Thinking Token Budget

Token budget parameters for thinking LLMs usually cap how many internal reasoning tokens the model may spend before producing the visible answer.

Common names by API/provider include:

  • max_tokens / max_output_tokens: caps generated output tokens, sometimes including hidden reasoning tokens depending on the API.
  • reasoning_effort: qualitative budget like low, medium, high; the API maps this to an internal reasoning-token allowance.
  • thinking_budget / budget_tokens: explicit number of hidden reasoning tokens allowed for models that expose thinking controls.
  • max_completion_tokens: in some APIs, caps both reasoning tokens and final answer tokens together.

Why it matters:

  • Higher budget: useful for hard math, coding, planning, and multi-step debugging.
  • Lower budget: cheaper, faster, enough for simple Q&A or formatting tasks.
  • Too low: model may answer prematurely or miss steps.
  • Too high: slower and more expensive, sometimes overthinks simple tasks.

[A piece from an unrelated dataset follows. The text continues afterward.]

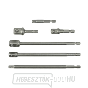 Adapterkészlet 6el aljzathoz. A készlet adaptereket tartalmaz 1/4", 3/8", 1/2" foglalatokhoz 150 mm és 50 mm hosszúságban. Króm-vanádium (CrV) szerszámacélból készültek, 1/4" HEX f ... (Részletes leírás)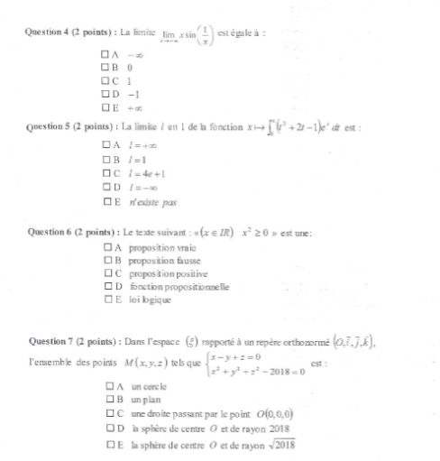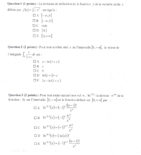 vous allez pas me faire croire que c'est simple comme exam je vois pas comment repondre de tete a une integrale y'a 2 3 questions facile de cours le reste est tout sauf simple nonobstant si t'as la reponse a la question 5 la limite je veux bien

Mental model: total completion budget = hidden reasoning tokens + visible answer tokens

If the completion cap is tight, a thinking model may spend tokens reasoning and have too little room left for the final answer.

Example qualitative setting: { “model”: “reasoning-model”, “reasoning_effort”: “medium”, “max_output_tokens”: 1000 }

Example explicit thinking budget: { “thinking”: { “type”: “enabled”, “budget_tokens”: 2048 }, “max_output_tokens”: 1000 }

The exact parameter name depends on the model provider and API.